Brittany Phelps, a dental assistant living in West Linn, Ore., and single mother to Peytyn, 3, has found that the most simple of moments can ease her stress.
"I was actually thinking ... when I took my daughter to the park how awesome she is and how perfect our afternoons together are after my days working full time," she said.
Author of "Confessions of a Scary Mommmy and mother in Baltimore", Jill Smokler, says she feels less stressed when she feels her life is not so off-balanced. She enjoys the day-to-day routine that allows her to see her kids before school and several hours after school, before bed and during dinner together. "That is perfect for me, having them in big doses but also having space to myself."
Consistency, the study showed, reaped benefits far more noticeable than time spent intermittently together.
"Our research showed that those daily things, spending time with the child in a daily routine, putting the child to bed, or reading stories to them were what really made the difference," Berryhill said.
Creating a family unit
While a single-parent home can be unconventional, mothers such as Phelps work hard to maintain a strong sense of unity.

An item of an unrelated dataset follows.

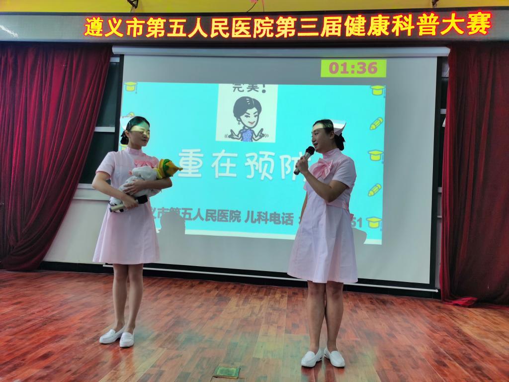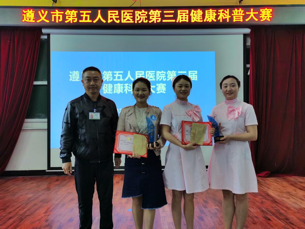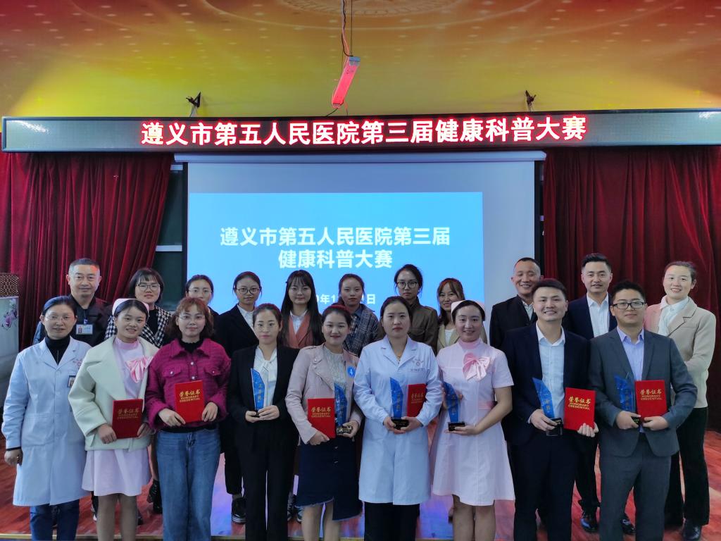 为弘扬科学精神、普及科学知识,推进我院市级科普教育基地建设,挖掘、培育和储备健康科普传播人才,营造健康知识传播氛围。11月12日遵义市五医举办了第三届医学(健康)科普大赛。为确保比赛结果的公平公正,本次大赛特邀请了科教文卫系统院外专家担任评委,院领导及全院职工观看了比赛。

"We'll do typical family activities, just the two of us," Phelps said. They get their family portrait taken once a year and have family prayer together each night.Comment on this story
Robert tries to create a sense of community and a sense of family that goes beyond the two of them. She schedules play dates with other single mothers and their children, and they spend time with other adults she and her daughter have a positive relationship with.
"There's almost this extended sense of community and family that comes out of this," Robert said, "because we don't have that at home."
"No matter how much I may miss parts of who I used to be," Robert wrote on her blog, "the little girl who calls me Mommy fills an amazing spot in my heart that no one else can ever replace."